◆ DIRECTIONS FOR THIS TASK
Exactly as written, write out the lines below from the first to the one containing "全国健康保険協会(協会けんぽ", inclusive. Pictures do not belong in the copy.

◆ COLLECTED DATA
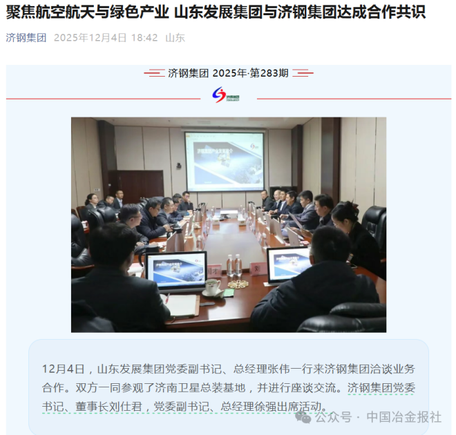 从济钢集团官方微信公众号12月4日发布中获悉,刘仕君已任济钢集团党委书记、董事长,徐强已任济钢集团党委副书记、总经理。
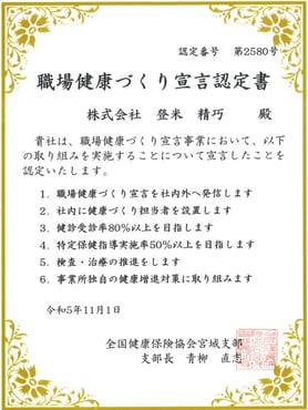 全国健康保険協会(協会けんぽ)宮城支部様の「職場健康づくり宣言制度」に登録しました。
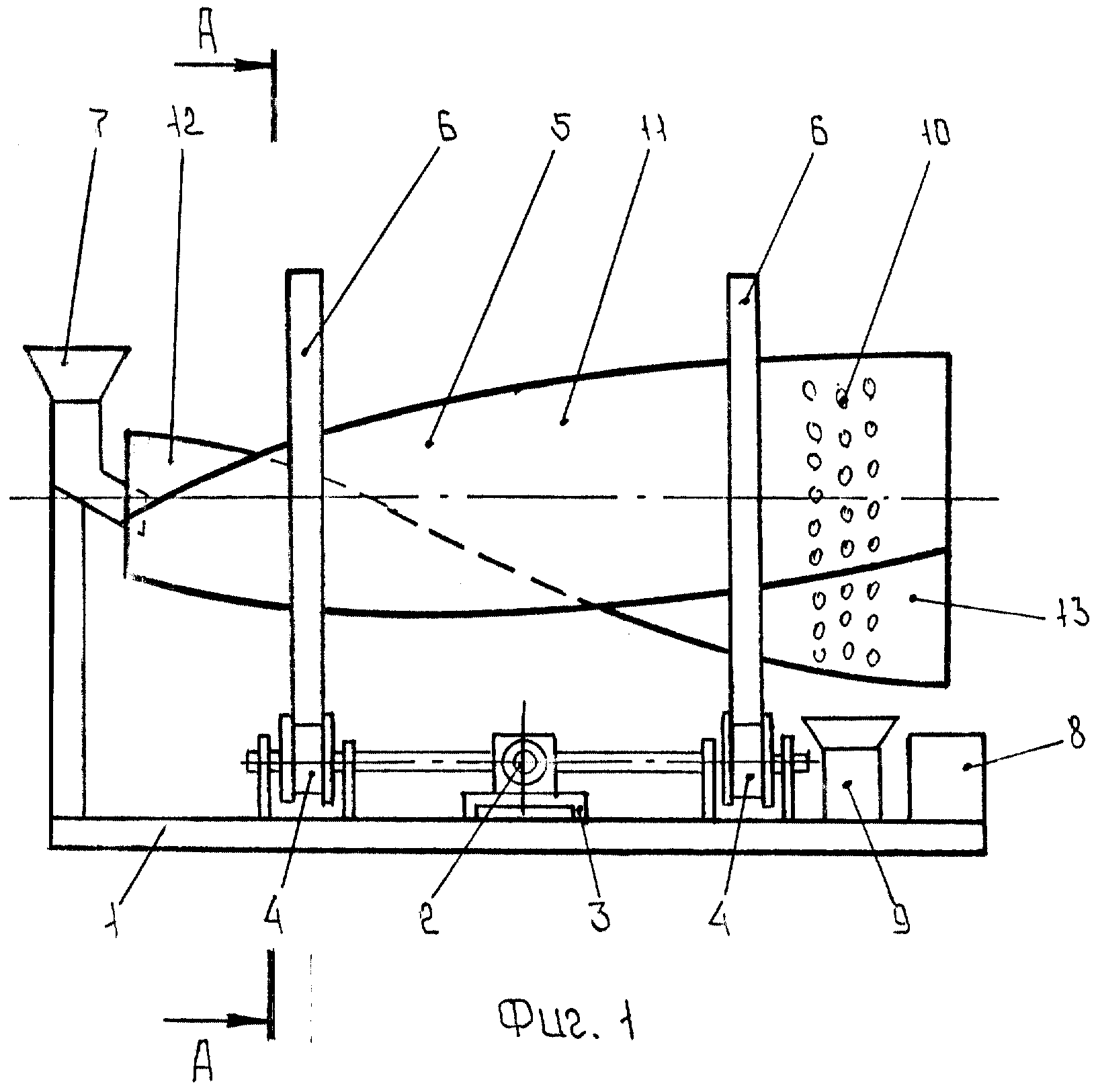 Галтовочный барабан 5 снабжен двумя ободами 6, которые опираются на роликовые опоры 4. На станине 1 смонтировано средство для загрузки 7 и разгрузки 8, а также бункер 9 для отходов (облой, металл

◆ YOUR SOLUTION
 从济钢集团官方微信公众号12月4日发布中获悉,刘仕君已任济钢集团党委书记、董事长,徐强已任济钢集团党委副书记、总经理。
 全国健康保険協会(協会けんぽ)宮城支部様の「職場健康づくり宣言制度」に登録しました。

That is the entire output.